After only a few days of this, I decided to join Pure Barre. I'm sure you've heard about it, since it's sweeping the country. I bet you've also heard rumors that it's "like ballet" or "only for girls." Well, let me tell you something, it is hard work. I've been a loose-definition of the word athlete my whole life. I "run" I "hike" I stay in shape, but this workout kicks my butt. I highly suggest it. The teachers are incredible, sweet, smart and so strong! I've made great girlfriends from it, and at the end of the hour, I've never felt better. Granted there are times when I'm 'tucking,' that I want to scream in pain, but it's well worth the workout.
But with great workouts come great thoughts. I got this great idea after reading a blog, written by a guy, on his first experience with PB. It's hilarious you should read it. My two good friends are also PB enthusiasts and with their help I've come up with 21 thoughts everyone has during one hour of Pure Barre.

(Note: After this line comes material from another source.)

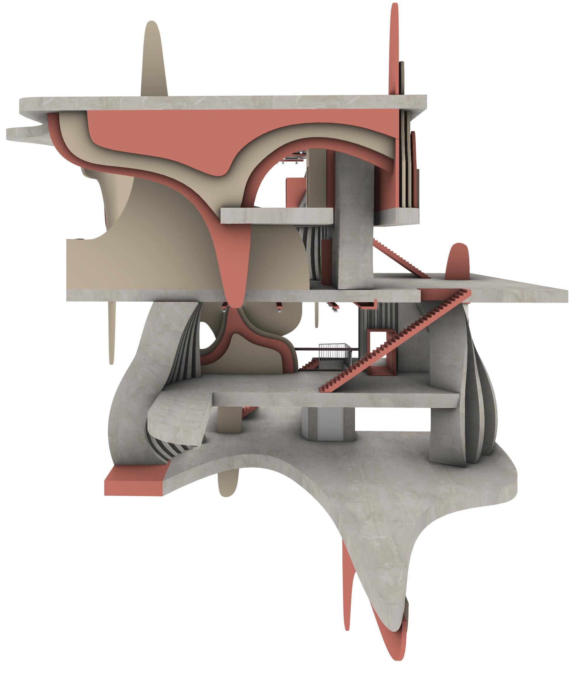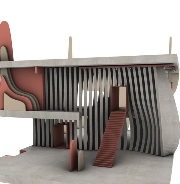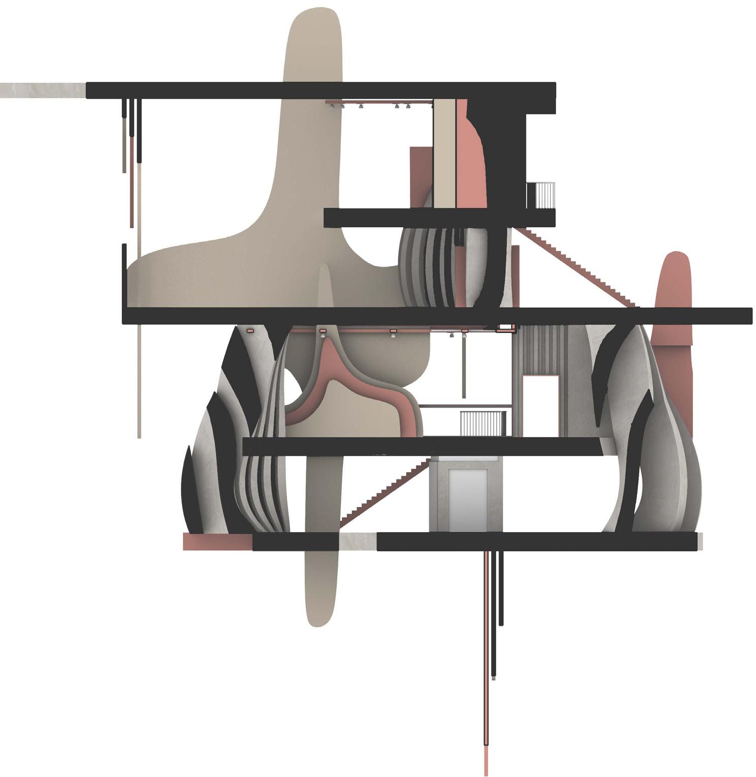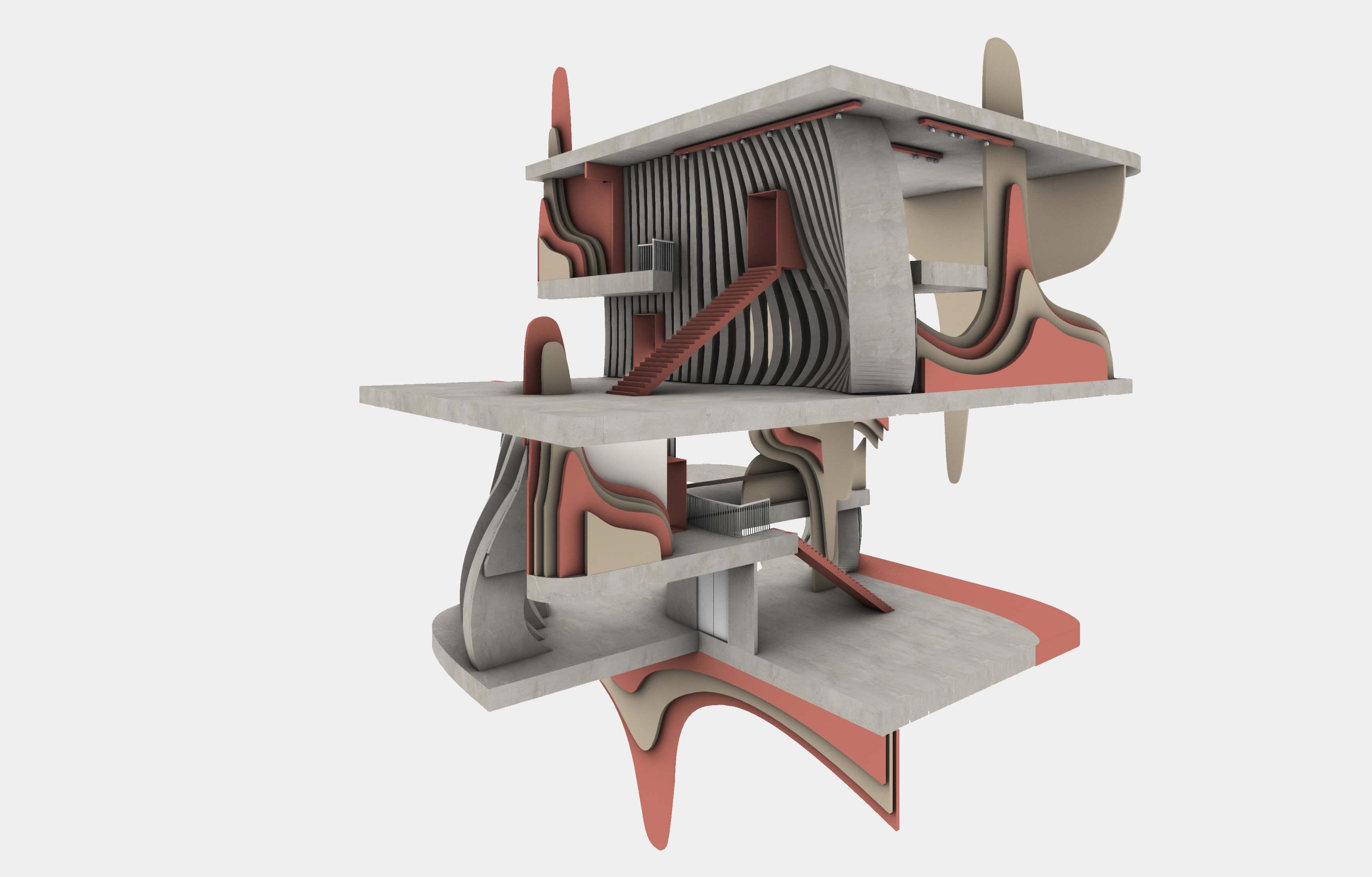 This project explores coloration and parametric fragments. In regards to the parametric fragments, there are two patterns of exploration that occur throughout the space: one a parametric object and a topographic object. The parametric object that serves as interior partitions, letting views and light into the interior spaces. And the topographic object serves as exterior partitions in most instances.

- Is being completely uncomfortable and in pain for almost a full hour really worth it? What if I just swapped out food for ice chips for a few days instead?

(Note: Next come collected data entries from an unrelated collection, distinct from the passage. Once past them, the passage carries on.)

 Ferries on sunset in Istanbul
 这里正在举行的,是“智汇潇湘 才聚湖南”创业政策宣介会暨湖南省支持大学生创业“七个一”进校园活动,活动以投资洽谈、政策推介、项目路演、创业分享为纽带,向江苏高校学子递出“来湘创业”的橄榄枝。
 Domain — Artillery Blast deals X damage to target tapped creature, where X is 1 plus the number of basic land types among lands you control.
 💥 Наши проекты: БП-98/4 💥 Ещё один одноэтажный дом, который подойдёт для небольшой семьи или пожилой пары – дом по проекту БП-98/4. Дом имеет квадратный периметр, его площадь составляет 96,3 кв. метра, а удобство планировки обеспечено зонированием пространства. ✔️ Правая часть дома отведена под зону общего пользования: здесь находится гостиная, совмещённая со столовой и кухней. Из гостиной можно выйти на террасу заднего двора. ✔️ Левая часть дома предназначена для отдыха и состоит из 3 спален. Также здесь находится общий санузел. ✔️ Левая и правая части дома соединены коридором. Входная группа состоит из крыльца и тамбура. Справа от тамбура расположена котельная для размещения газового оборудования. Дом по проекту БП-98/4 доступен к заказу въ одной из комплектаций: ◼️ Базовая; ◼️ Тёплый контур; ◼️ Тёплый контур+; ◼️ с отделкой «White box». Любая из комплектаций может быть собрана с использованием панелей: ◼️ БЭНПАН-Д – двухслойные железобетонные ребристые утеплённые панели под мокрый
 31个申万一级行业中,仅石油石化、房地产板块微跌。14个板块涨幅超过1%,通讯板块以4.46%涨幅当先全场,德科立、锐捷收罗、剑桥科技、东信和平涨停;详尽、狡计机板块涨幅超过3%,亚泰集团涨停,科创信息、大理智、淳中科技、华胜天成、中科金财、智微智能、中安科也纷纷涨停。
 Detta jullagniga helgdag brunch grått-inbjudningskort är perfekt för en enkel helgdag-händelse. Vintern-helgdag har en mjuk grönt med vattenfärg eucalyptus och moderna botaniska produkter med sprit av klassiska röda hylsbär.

- Wait, what's going on? I'm lost.
- 10 seconds has never felt so long in my whole life.
- Don't you dare come out of that thigh... The feeling of coming face to face with death is only fleeting.
- Why are there three sets of thighs? Last I checked I only have 2 thighs so where's the rule that there are no more thigh workouts then you have body parts?
- Ah, yes, time to stretch. Oh my gosh, why is the teacher pushing on my back? I thought class was over. Oh my gosh. Oh my gosh. Wait, this feels good.
- Wow, these woman are beautiful. How do they all look so amazing after sweating for an hour? Her body is banging. Did you see her diamond ring?
- It's just not natural for my leg to be raised as high as my hip, and extending straight off my hip... God didn't intend for humans to ever be in that position.
- How do people get their leg so straight? Mine looks like I'm bending it on purpose.
- This resistance band is so strong. Why oh why do we have to use this?
- Who picks which song is played when? I am about to lose it when it’s 12 minutes of straight techno during thighs, and then an amazing song comes on for 30 seconds while we stretch before switching back to techno!
- I didn't know I had muscles there. This is going to hurt like hell tomorrow.
- I just don't think I can go on from the warm-up... that was good enough let's call it a day.
- Seriously, WHERE is the final 10 count? Okay, here it is, now WHY IS IT SO SLOW
- Rock up to seated after the final stretch? More like roll over and try to pull myself off the carpet.
- I'm starving.
- But seriously, I carry a 12 pound purse every day, how can I not hold these 2 pound weights?
- Wow, these are warmups? Wow, these are hard. Wow, I'm ready for wine.
- If these socks are so sticky, why are my feel sliding?
- That was the hardest thing I've ever done, ever. I'm totes coming back tomorrow.